Change in customer segments (LO1). N&N Sanitation offers waste management services for residential and commercial clients. The following select operating data are available:

Residential Commercial Total

Number of customers 500 100 600

Number of pickups per week 500 500 1000

Revenue $800,000 $1,200,000 $2,000,000

Variable Costs $140,000 $240,000 $380,000

Traceable fixed costs $150,000 $225,000 $375,000

Common fixed costs NA NA $1,100,000

Believing its commercial customers to be more profitable, N&N is thinking of moving

its business more toward that business segment. Management would like to see a mix of 200 residential and 300 commercial clients in three years' time.

Required:

a. Estimate the change in profit arising from the change in product mix, assuming that

that traceable and fixed common costs do not change from current levels.

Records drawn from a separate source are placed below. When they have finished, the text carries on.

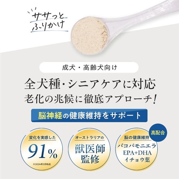 バコパ・モンニエリやイチョウなどの成分を摂取することで愛犬の健康を維持し、脳や認知機能の健康維持に役立ちます。
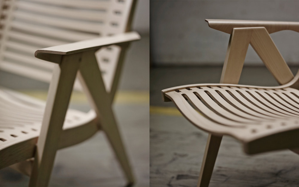 Material: bukov les in prostorsko ukrivljena bukova vezana plošča
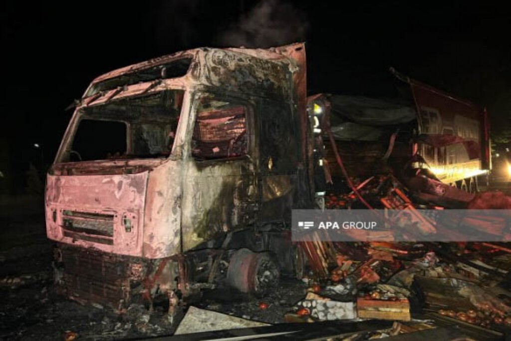 Ucarda iri tonnajlı yük avtomobili yanıb

b. Suppose N&N believes that, in the long run, fixed costs would change in proportion

to sales revenue. Calculate the expected profit with the new customer mix. Allocate common fixed costs in proportion to the revenue from the two segments when performing this exercise.

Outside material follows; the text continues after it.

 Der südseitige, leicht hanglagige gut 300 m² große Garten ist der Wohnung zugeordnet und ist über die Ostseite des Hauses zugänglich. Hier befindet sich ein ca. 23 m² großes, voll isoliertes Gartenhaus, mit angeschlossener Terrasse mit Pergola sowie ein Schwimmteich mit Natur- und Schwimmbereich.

c. Repeat the exercise in part (b), except allocate common fixed costs to segments and

in proportion to the number of pickups from each segment. That is, assume that pickups are the cost driver for traceable and common fixed costs.

d. Which of the three estimates, for parts (a) through (c), is likely to be a good estimate of N&N's profits three years hence if it changes its customer mix as indicated?